The returned soldier comes to the Home Service Section for information concerning compensation, insurance, the sixty dollar bonus and other similar things. Occasionally a day passes when the Secretary does not write a letter, but generally from three to fifteen are written daily. To prove some claims it was necessary to get certified copies of birth certificates, marriage records, and even divorce decrees.
Both during and after the war the Belgian Relief has not been forgotten. Garments were donated for the refugees and new material was made, by the women of the county, into serviceable underwear and outer garments for Belgian children according to directions from Headquarters. The Red Cross will never again show only a handful of members in Caroline County. The altruistic spirit introduced by and through its work is of untold benefit to our people.
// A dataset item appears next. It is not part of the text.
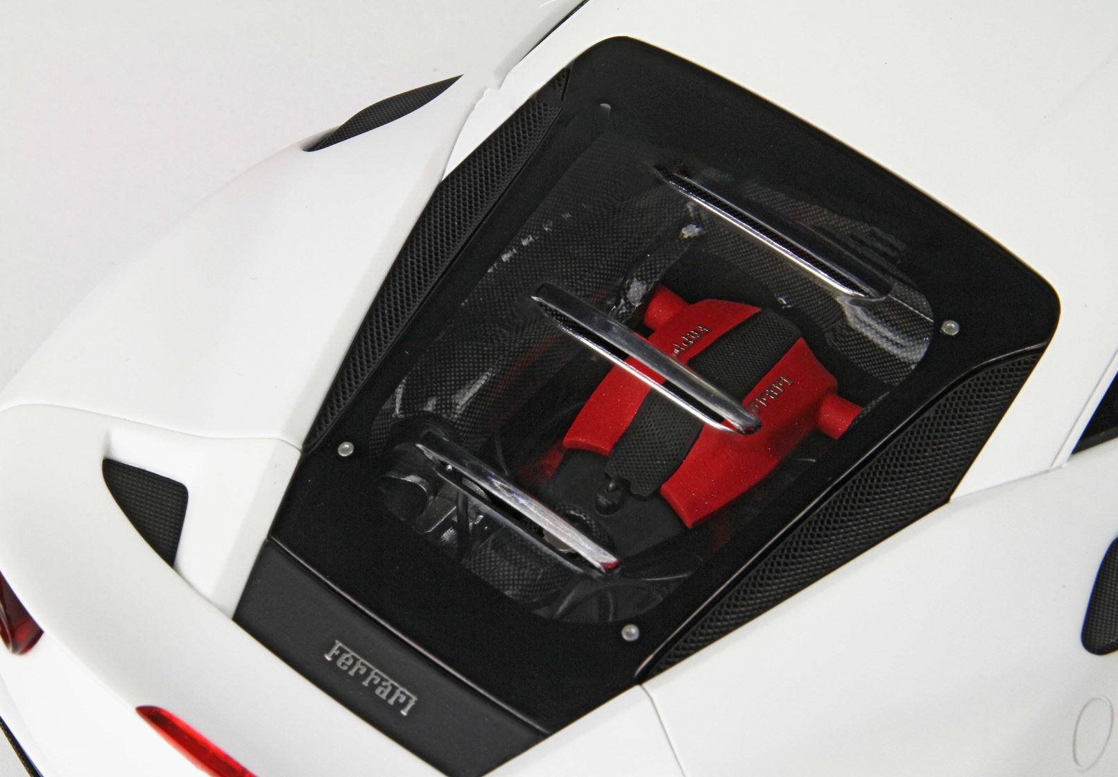 Il motore è fedelmente replicato con particolare vernice rossa , tutta la parte del motore è rivestita con decals fibra carbonio .

ANNIE CARTER SINCLAIR, Sec't.
Simultaneous with the mobilizing, arming, and equipping of troops for the trenches, another army was being mustered, organized, and drilled to serve in the less spectacular, but not less necessary, war against waste, and for the increased production of life essentials. On April 10 and 11, four days after the declaration of war, Secretary Houston met a delegation of Agricultural Commissioners in St. Louis to discuss the food and fuel situation. During the summer months the general plan of campaign there formulated was worked out in detail so that when the passage of the Food-Control Act of Aug. 10, 1917, clothed the President with unlimited power to control the food resources of the nation, little time was lost in putting those plans into effect.
In general the objects of the Administration were: (1) To decrease the home consumption of wheat, meat, and sugar, (2) to keep up the shipment of supplies to our army and our allies, (3) to prevent profiteering, and (4) to increase production. To do this necessitated the cooperation of each county and state in the Union. Although almost all regulations in effect in the counties were made by the Federal or the State Administration, and although every possible use was made of already existing organizations and officers, it was yet necessary for each county to have an Administrator to issue sugar permits, to meet local merchants for the purpose of fixing prices within regulation limits, to keep millers informed as to prices, and to see that government demands were met. Mr. T. H. Chambers of Federalsburg was appointed Administrator for Caroline County in June, 1918.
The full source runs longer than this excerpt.